Monday, December 14, 2015

‘It is Easier for a Camel to Pass through the Eye of a Needle than for Russia to Become a Nation State,’ Pastukhov Says



Paul Goble

            Staunton, December 14 – Russia today faces a stark and for many unwelcome choice, Vladimir Pastukhov says. It can remain an autocracy and face inevitable disintegration over the next two or three generations; or it can create “genuine federalism” and thereby eliminate the autocratic elements that have shaped the state historically.

            Choosing the latter will be enormously difficult given Russia’s unique historical experience, the St. Antony’s historian says in recent remarks; but if Russia chooses the former, the future like the past will be bleak, filled with alternating periods of repression and collapse (polit.ru/article/2015/12/11/autocracy/).

            “The nation state is the biggest Russian political long term construction project,” Pastukhov says, a combination of the fact that “there has never been and is not now any Russian nation in the precise (European) sense of the word” and that the Russian state has faced certain unique challenges which have mitigated against the formation of a nation.
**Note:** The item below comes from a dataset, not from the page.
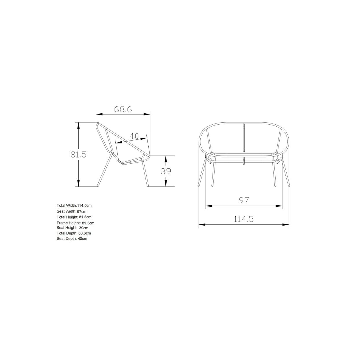 Bringing bold colours to outdoor spaces, our Salsa range of garden furniture features an updated rattan design. The two-seater Salsa sofa is made of powder-coated steel and a polyweave construction, making it both durable and weather-resistant. To extend the product's life and appearance, it's recommended to store the furniture in a cool dry, well-ventilated place such as a garage or shed over winter or during periods of unseasonal weather. Ensure that the furniture is clean and completely dry before storing. The steel legs and frame are sturdy and able to withstand a weight of up to 50 stone (320kg), exceeding the industry standard. The robust design allows the rattan to form its eye-catching shape, with a dense weave ensuring comfortable support. The sofa arrives fully assembled, ready for immediate use. The sleek, low-level height and use of lightweight materials make the sofa ideal for balconies and smaller spaces. Team with matching furniture in our Salsa range. Key features: Durable and weather-resistant Colourful, contemporary design Robust steel frames withstand 50 stone, exceeding the industry standard Dense weave for comfortable support Perfect for smaller spaces Fully assembled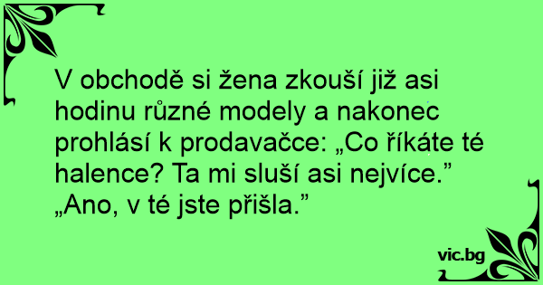 V obchodě si žena zkouší již asi hodinu různé modely a nakonec prohlásí k prodavačce: „Co říkáte té halence? Ta mi sluší asi nejvíce.”

            “Subconsciously,” he continues, “few in Russia believe that the establishment of a nation state is possible,” something that is true even among those Russians who say they have made “a European choice.”  Achieving it require the completion of an as-yet incomplete Russian revolution.

            But until that happens, Pastukhov argues, whatever state Russia forms be it “soviet, liberal, oil and gas or criminal” will end up as before as an empire because throughout Russian history there has been one constant: autocracy. Those opposed to any given Russian regime blame that for everything, but they seldom reflect on why such a characteristic is always present.

             Autocracy” was Russia’s response to the challenges of controlling an enormous landmass. “Perhaps it made Russia an invalid but at the same time only thanks to it could [Russia] survive as an independent and sovereign state over the course of several centuries,” the historian suggests.

            “One must not ignore the fact that the Russian Empire is a unique one by its size, by its variety of conditions over a space not divided by oceans, and by the depth and intensity of cultural interaction among the ethnoses populating it.”  Its “main distinguishing factor,” the historian says, “is the lack of clear borders between the metropolitan center and the colonies,” something that has promoted a “unique” form of assimilation among its peoples.

            “The Russian empire,” he continues, “is one that arose not thanks to something but inspite of something,” in this case, the unique challenges that its geographic and geopolitical circumstances left it in. The Russian “response” to these challenges was “the super-centralization of powers,” the concentration of all decisions at one point and often in one person.

            “Super-centralization,” of course, “is autocracy,” but “the Russian state cannot be a nation state while remaining an autocracy and thus is deprived of historical prospects.” Its essence is in the lack of the division of powers, in the first instance between the civil and the religious but also among the components and levels of the state.

            To make this arrangement last, the Russian state needed a unique police force subordinate only to the top leader. Otherwise, Pastukhov says, the state would have degenerated into chaos in three generations.  That special police has taken various forms, from the oprichniki of Ivan the Terrible to the KGB to the special criminal arrangements now.

            Putin has been restoring autocracy according to the principle that whatever was should be. His first act was to “restore the unity of secular and spiritual power.” As a result, “Putin’s Russia is not a secular but a latently theocratic state; and perhaps already not a latent one.” Then he created a 21st century oprichnik system, based not on ideology but on criminal arrangements.

            Putin’s state is thus condemned “historically,” but it is not clear just how long that process will take. It “could be eternal if all its constituent elements weren’t fake,” but they are and so “post-communist autocracy is decorative” rather than real “autocracy,” and the weaker for it.

            “The post-communist empire most probably is a temporary phenomenon,” one that can be held together by “domestic terror,” a factor, Pastukhov suggests, that should not be underrated.  And analysts should remember something else: when times get worse, that makes political change in Russia less likely rather than more as people circle the wagons.

            Today, he argues, “the greatest threat to the regime is the building of irrationality and unpredictability in public life. One therefore cannot exclude that the post-communist empire, having defeated all enemies will die in the flower of its years from an accidental infection.” But even that will not end the problem of autocracy.

            The only way to do that is to end the hyper-concentration of power by creating a genuinely federal state.  But because many assume that any shift of power to the regions will lead to the dis-integration of the country, many will oppose that, thus deepening Russia’s long-running tragedy.